■ **Source data**:
* * * * *

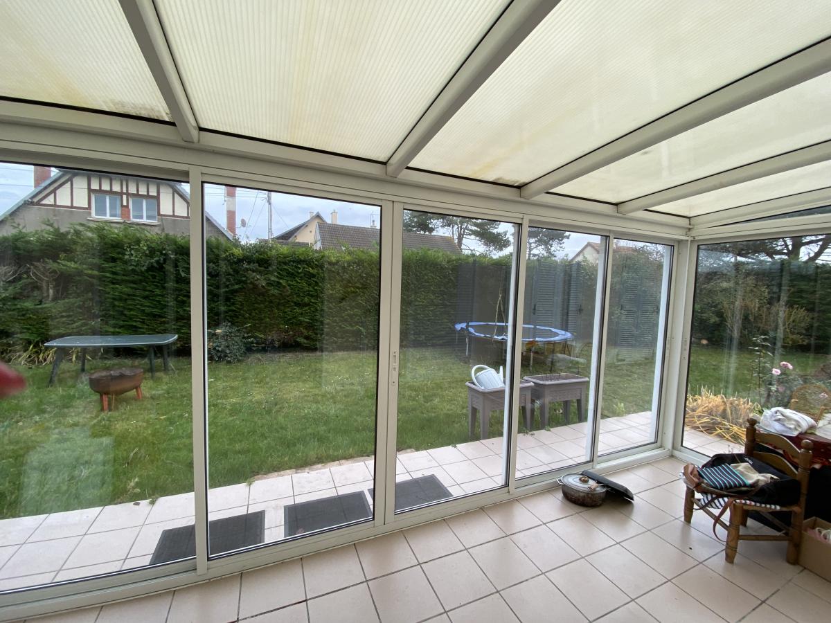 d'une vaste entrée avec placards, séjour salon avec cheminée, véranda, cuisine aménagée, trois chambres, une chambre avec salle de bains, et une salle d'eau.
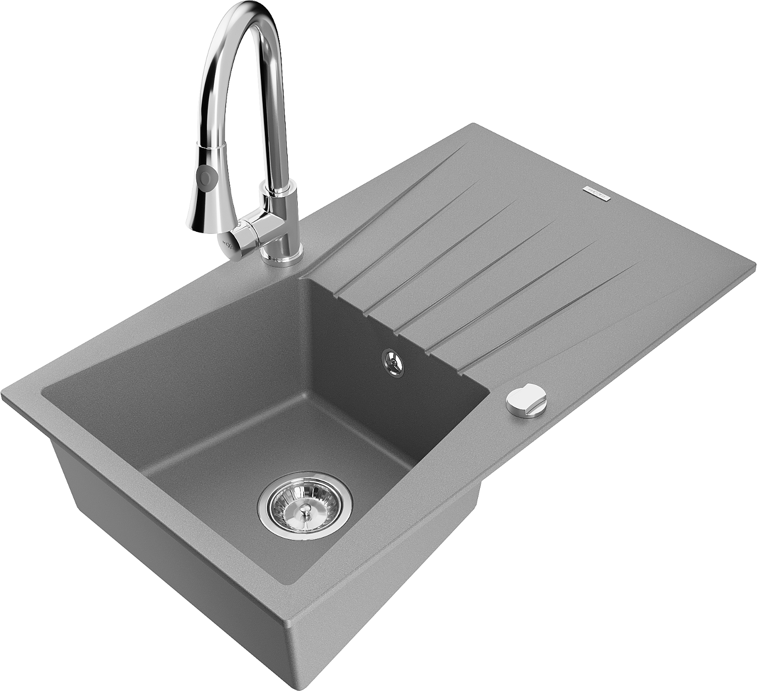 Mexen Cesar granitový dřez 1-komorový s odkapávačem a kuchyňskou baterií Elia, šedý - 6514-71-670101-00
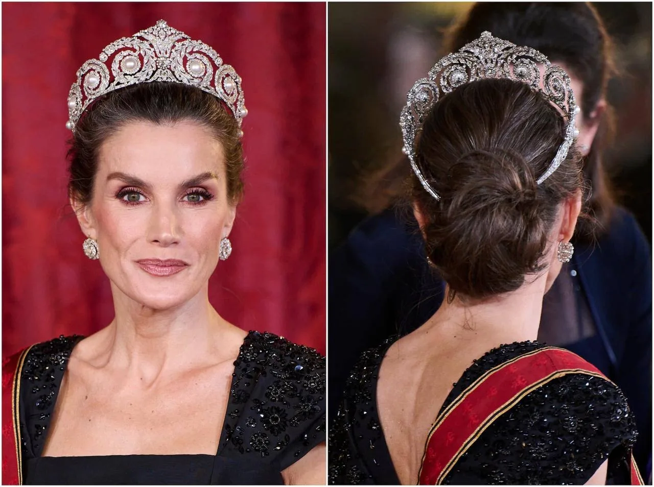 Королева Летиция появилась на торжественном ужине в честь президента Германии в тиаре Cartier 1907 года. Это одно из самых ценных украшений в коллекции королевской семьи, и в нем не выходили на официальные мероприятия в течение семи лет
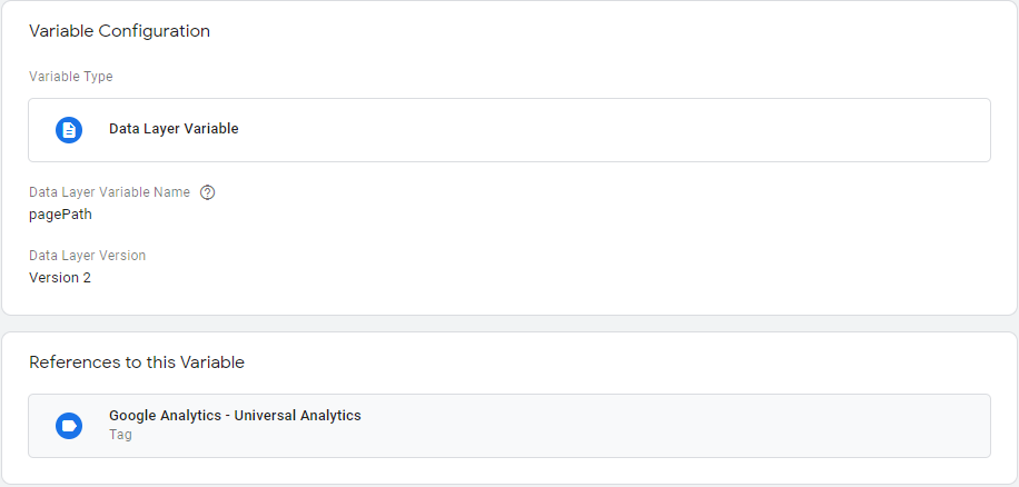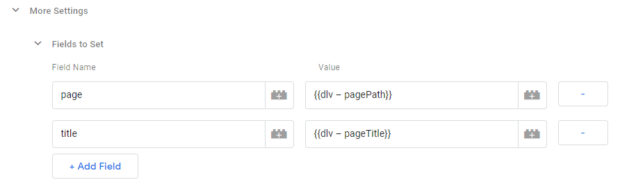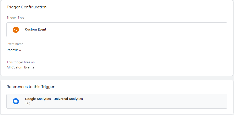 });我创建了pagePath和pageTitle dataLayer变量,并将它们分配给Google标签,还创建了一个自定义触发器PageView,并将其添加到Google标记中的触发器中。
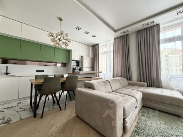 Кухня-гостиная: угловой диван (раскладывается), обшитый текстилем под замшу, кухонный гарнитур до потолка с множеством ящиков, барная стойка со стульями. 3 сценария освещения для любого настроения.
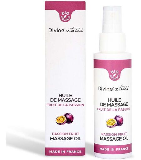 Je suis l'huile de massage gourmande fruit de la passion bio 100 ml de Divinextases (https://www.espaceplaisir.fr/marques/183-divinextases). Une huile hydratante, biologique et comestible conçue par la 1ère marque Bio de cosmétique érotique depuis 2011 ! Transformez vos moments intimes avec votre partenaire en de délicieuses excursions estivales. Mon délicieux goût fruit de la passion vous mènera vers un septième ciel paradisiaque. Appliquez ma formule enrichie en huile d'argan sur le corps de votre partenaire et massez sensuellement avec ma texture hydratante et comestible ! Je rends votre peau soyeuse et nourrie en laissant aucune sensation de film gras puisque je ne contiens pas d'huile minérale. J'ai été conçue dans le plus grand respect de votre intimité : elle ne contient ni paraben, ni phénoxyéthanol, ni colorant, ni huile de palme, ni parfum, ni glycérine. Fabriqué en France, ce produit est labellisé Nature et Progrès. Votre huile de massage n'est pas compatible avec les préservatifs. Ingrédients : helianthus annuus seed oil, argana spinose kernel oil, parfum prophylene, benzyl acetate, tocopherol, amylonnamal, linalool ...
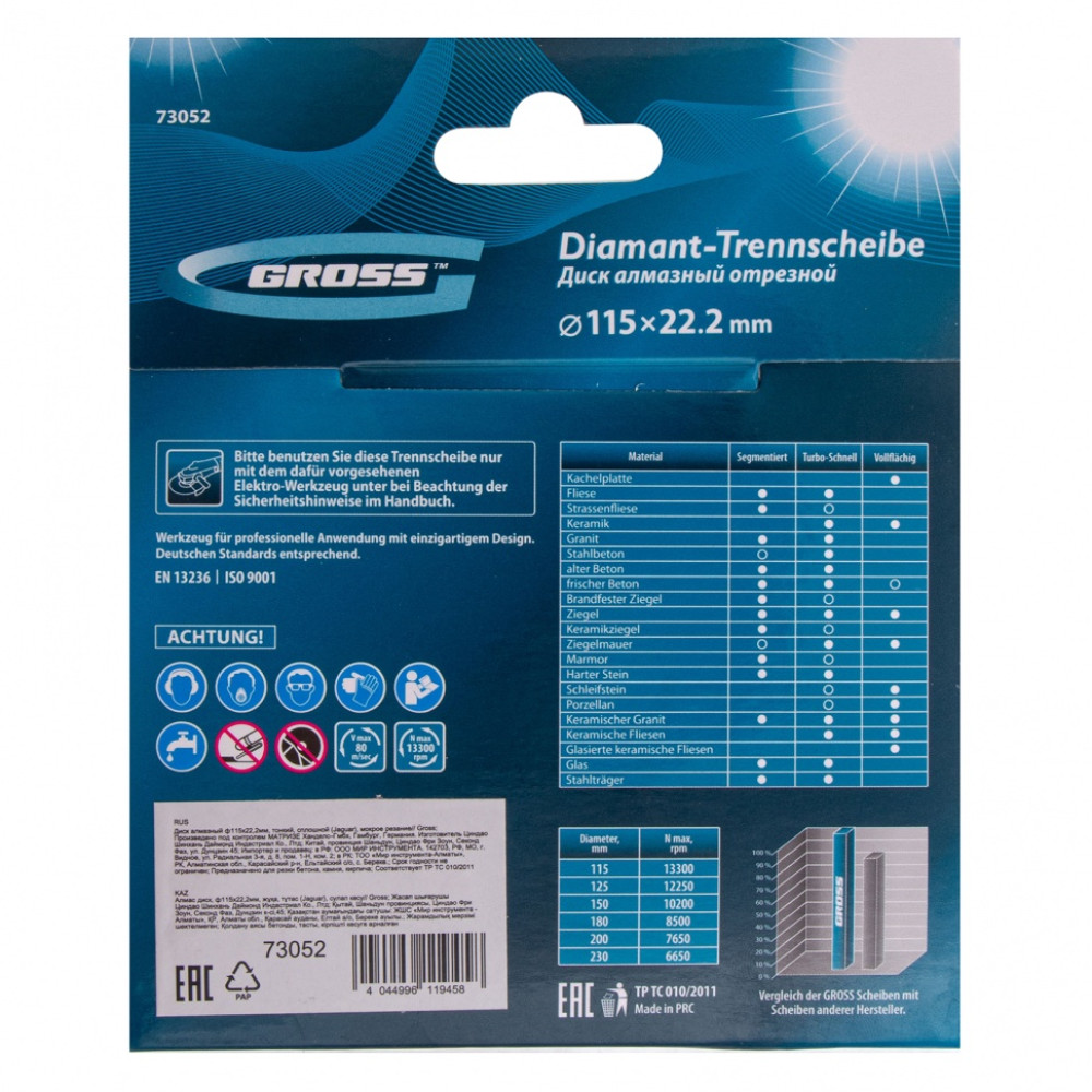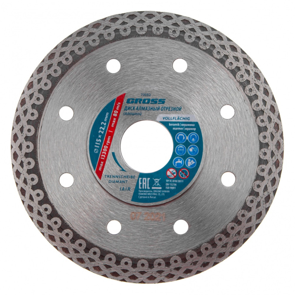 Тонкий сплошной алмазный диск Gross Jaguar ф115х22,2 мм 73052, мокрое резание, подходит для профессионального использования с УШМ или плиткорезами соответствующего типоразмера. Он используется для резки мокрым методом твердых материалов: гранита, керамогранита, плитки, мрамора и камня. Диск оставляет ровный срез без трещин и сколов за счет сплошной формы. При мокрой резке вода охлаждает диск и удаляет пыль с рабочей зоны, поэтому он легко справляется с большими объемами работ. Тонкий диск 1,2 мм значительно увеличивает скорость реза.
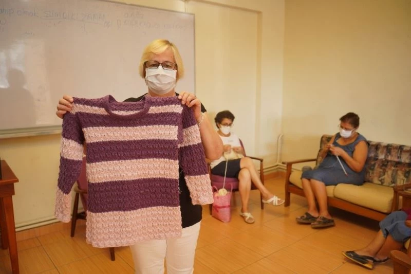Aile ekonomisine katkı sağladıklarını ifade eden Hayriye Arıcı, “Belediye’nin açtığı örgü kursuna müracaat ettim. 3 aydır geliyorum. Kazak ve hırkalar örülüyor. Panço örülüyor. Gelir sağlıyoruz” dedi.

* * * * *

■ **Exercise directions**: Repeat the records word for word and drop any pictures.

■ **Exercise output**:
 d'une vaste entrée avec placards, séjour salon avec cheminée, véranda, cuisine aménagée, trois chambres, une chambre avec salle de bains, et une salle d'eau.
 Mexen Cesar granitový dřez 1-komorový s odkapávačem a kuchyňskou baterií Elia, šedý - 6514-71-670101-00
 Королева Летиция появилась на торжественном ужине в честь президента Германии в тиаре Cartier 1907 года. Это одно из самых ценных украшений в коллекции королевской семьи, и в нем не выходили на официальные мероприятия в течение семи лет
 });我创建了pagePath和pageTitle dataLayer变量,并将它们分配给Google标签,还创建了一个自定义触发器PageView,并将其添加到Google标记中的触发器中。
 Кухня-гостиная: угловой диван (раскладывается), обшитый текстилем под замшу, кухонный гарнитур до потолка с множеством ящиков, барная стойка со стульями. 3 сценария освещения для любого настроения.
 Je suis l'huile de massage gourmande fruit de la passion bio 100 ml de Divinextases (https://www.espaceplaisir.fr/marques/183-divinextases). Une huile hydratante, biologique et comestible conçue par la 1ère marque Bio de cosmétique érotique depuis 2011 ! Transformez vos moments intimes avec votre partenaire en de délicieuses excursions estivales. Mon délicieux goût fruit de la passion vous mènera vers un septième ciel paradisiaque. Appliquez ma formule enrichie en huile d'argan sur le corps de votre partenaire et massez sensuellement avec ma texture hydratante et comestible ! Je rends votre peau soyeuse et nourrie en laissant aucune sensation de film gras puisque je ne contiens pas d'huile minérale. J'ai été conçue dans le plus grand respect de votre intimité : elle ne contient ni paraben, ni phénoxyéthanol, ni colorant, ni huile de palme, ni parfum, ni glycérine. Fabriqué en France, ce produit est labellisé Nature et Progrès. Votre huile de massage n'est pas compatible avec les préservatifs. Ingrédients : helianthus annuus seed oil, argana spinose kernel oil, parfum prophylene, benzyl acetate, tocopherol, amylonnamal, linalool ...
 Тонкий сплошной алмазный диск Gross Jaguar ф115х22,2 мм 73052, мокрое резание, подходит для профессионального использования с УШМ или плиткорезами соответствующего типоразмера. Он используется для резки мокрым методом твердых материалов: гранита, керамогранита, плитки, мрамора и камня. Диск оставляет ровный срез без трещин и сколов за счет сплошной формы. При мокрой резке вода охлаждает диск и удаляет пыль с рабочей зоны, поэтому он легко справляется с большими объемами работ. Тонкий диск 1,2 мм значительно увеличивает скорость реза.
Aile ekonomisine katkı sağladıklarını ifade eden Hayriye Arıcı, “Belediye’nin açtığı örgü kursuna müracaat ettim. 3 aydır geliyorum. Kazak ve hırkalar örülüyor. Panço örülüyor. Gelir sağlıyoruz” dedi.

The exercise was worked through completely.